Categoria: Costi energetici, normative e incentivi Data di pubblicazione: 25 agosto 2026
In sintesi
La misura Transizione 5.0 consente alle PMI manifatturiere di applicare un iperammortamento del 180% sugli investimenti in macchinari industriali digitali e interconnessi e software 5.0, per importi fino a 2,5 milioni di euro, con finestra operativa fino al 30 settembre 2028. In parallelo, il Decreto-Legge Energia di febbraio 2026 ha introdotto misure per ridurre gli oneri in bolletta per le PMI.
I fatti
La misura Transizione 5.0, secondo l’analisi di Tinexta Innovation Hub pubblicata da Industria Italiana, prevede un’aliquota di iperammortamento del 180% per investimenti in macchinari industriali digitali e interconnessi e software 5.0 effettuati dal 1° gennaio 2026 al 30 settembre 2028. La soglia agevolata è di 2,5 milioni di euro per progetto. Rispetto alla precedente Transizione 4.0, la misura introduce un legame esplicito con l’efficienza energetica: per accedere all’aliquota piena, l’investimento deve dimostrare una riduzione dei consumi energetici del processo produttivo interessato.
Il meccanismo è dunque più stringente del precedente iperammortamento, ma anche più strategico: spinge le imprese verso una digitalizzazione che produce risparmi energetici misurabili, non solo un aggiornamento tecnologico fine a se stesso.
Sul fronte energetico, il Decreto-Legge n. 21 del 20 febbraio 2026 ha introdotto misure per ridurre gli oneri generali di sistema sulle bollette delle PMI per il biennio 2026-2027, attraverso la revisione del meccanismo del Conto Energia e un incremento dell’IRAP a carico degli operatori del comparto energetico.
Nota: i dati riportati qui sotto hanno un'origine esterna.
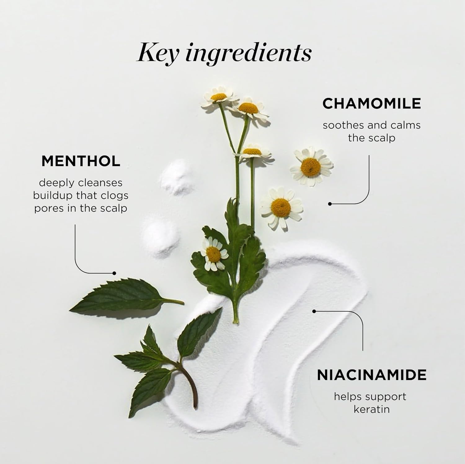 - Formulated with: Chamomile – Known to have calming effects. Niacinamide – Helps support keratin. Menthol – Known to invigorate scalp with a cooling sensation. Rosemary Oil - invigorate the hair and scalp for healthier, thicker, stronger hair. Formulated without: Parabens, silicones, sulfates and gluten.

Rimane aperto il bando di Regione Lombardia per contributi a fondo perduto per l’efficienza energetica delle imprese manifatturiere, esteso anche alle PMI. È inoltre attivo lo sportello per i contributi a fondo perduto destinati all’autoproduzione di energia da fonti rinnovabili.
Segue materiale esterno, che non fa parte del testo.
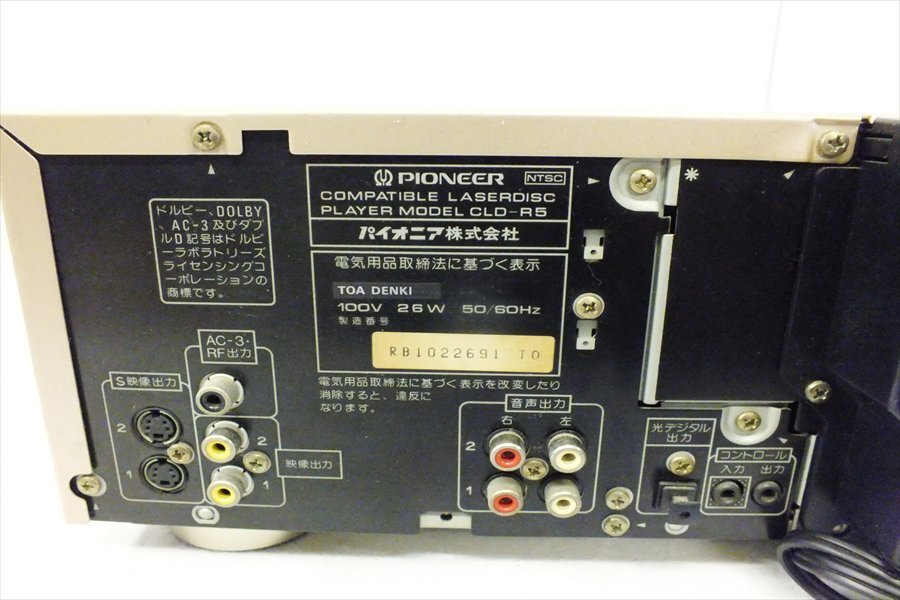 | ◆商品◆ メーカー---------PIONEER パイオニア モデル-----------CLD-R5 付属品-----------画像に写っているものがすべてになります。 ◆外装ランク◆ 【 C 】 ◆状態◆ 中古品の為キズや汚れなどの使用感はご容赦ください。 1 通電します トレイ開閉がスムーズに行かない時が有り 外装に傷汚れ有り 正常再生動作出来ません 通電はしましたが、動作しませんでした。 現状品での出品となります。 調整やメンテナンスが必要となります。 【重要】配送送料と送料に送料が0円と表示される場合がございますが、出品画面に記載の送料が落札後にご精算されます。 | |||||||||||||||||

Il contesto strutturale resta critico: l’Italia ha uno dei costi energetici industriali più alti d’Europa. Per le aziende energivore, il tema non è congiunturale ma competitivo. Chi non riduce i propri consumi attraverso investimenti in efficienza o autoproduzione accumula uno svantaggio crescente rispetto ai competitor dell’Europa centrale e settentrionale.
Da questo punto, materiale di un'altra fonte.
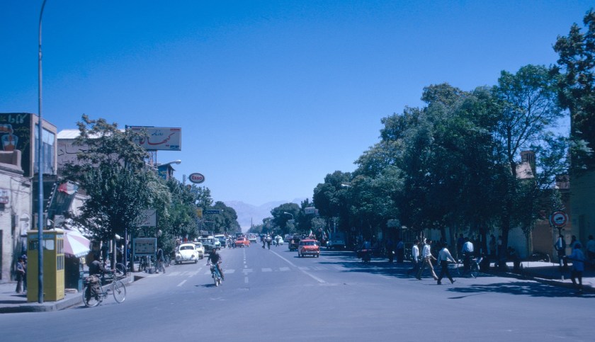 Reza Shah a fait construire de longues avenues qui percent les villes traditionnelles iraniennes. Photo prise à Yazd ou à Kerman, Iran, 1974.

Fonte: Industria Italiana, “Iperammortamento 2026: nuove aliquote e vecchie incertezze. Strategie e suggerimenti da Tinexta Innovation Hub”; Assolombarda, “Pubblicato il DL Energia”, febbraio 2026.
Cosa significa
Per una PMI manifatturiera lombarda con investimenti pianificati in macchinari o software, la finestra Transizione 5.0 è un’opportunità fiscale concreta: un iperammortamento al 180% abbatte significativamente il costo netto dell’investimento. La condizione è che l’investimento sia documentabile in termini di riduzione dei consumi energetici, il che richiede una baseline misurata dei consumi attuali.
Chi non ha ancora avviato questa analisi dovrebbe farlo subito: la finestra temporale si chiude il 30 settembre 2028, ma i tempi burocratici per accedere agli incentivi richiedono una pianificazione con almeno 12-18 mesi di anticipo.
Conclusioni
Il primo passo operativo è una diagnosi energetica dell’impianto produttivo: senza dati sui consumi attuali, non è possibile dimostrare la riduzione richiesta dalla misura. Contattare un energy manager certificato o un centro di competenza 4.0 è la mossa concreta da fare nelle prossime settimane.